The Rebecca Riots

Now for something from my neck of the woods, living in Pembrokeshire. The Rebecca Riots were a series of protests that took place between 1839 and 1843, throughout the rural west Wales, including Cardiganshire, Carmarthenshire and Pembrokeshire.

The protesters were mainly simple farming folk who had been angered, in general by unjust taxes, and more specifically by the high tolls being charged to transport goods and livestock along the roads and bye ways of the region.

In the early 19th century many of the main roads in Wales were owned and operated by Turnpike Trusts. These trusts were supposed to maintain and even improve the condition of the roads and bridges through charging tolls to use them. In reality however, many of these trusts were operated by English businessmen whose main interest was in making as much money as they could from the locals. Very few would spend any money of the roads for improvements.

The farming community had suffered badly through poor harvests in the years preceding the protests and tolls were one of the biggest expense a local farmer faced. The charges levied to do even the simplest of things, such as taking animals and crops to market and bringing fertilisers back for the fields, threatened their livelihood and very existence.

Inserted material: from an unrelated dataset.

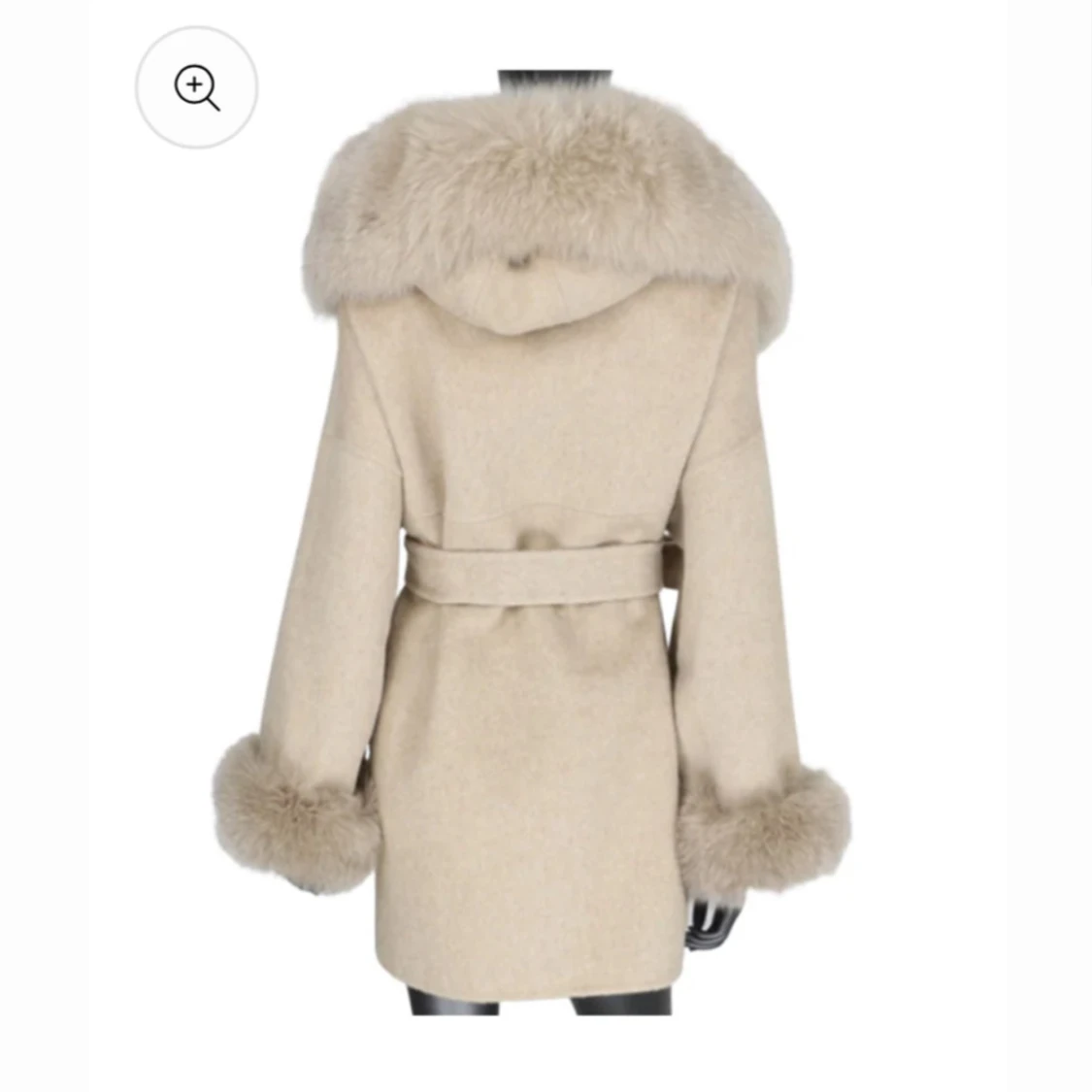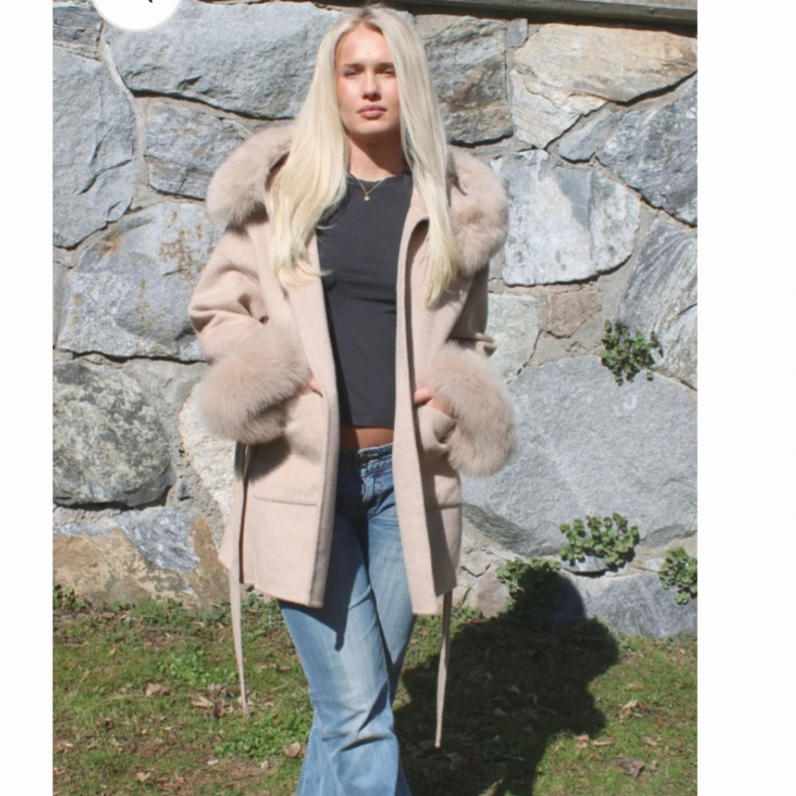 Snygg beige kappa med äkta päls detaljer. Medellång med stora fickor från Fur Stockholm! Endast använd en höst. Bra till höst/vår & funkar även under vintern. Storlek S. Köpt för 2400kr

The people finally decided enough was enough and took the law into their own hands; gangs were formed to destroy the tollgates. Usually at night, men dressed as women with blackened faces attacked the hated tollgates and destroyed them. A huge man, named Thomas Rees was the first ‘Rebecca’ and he destroyed the tollgates at Yr Efail Wen in Carmarthenshire.

The rioting was at its worst in 1843, with many major tollgates being destroyed included those at Carmarthen, Llanelli, Pontardulais, and at the small village of Hendy near Swansea, a young woman named Sarah Williams, the tollhouse keeper was killed.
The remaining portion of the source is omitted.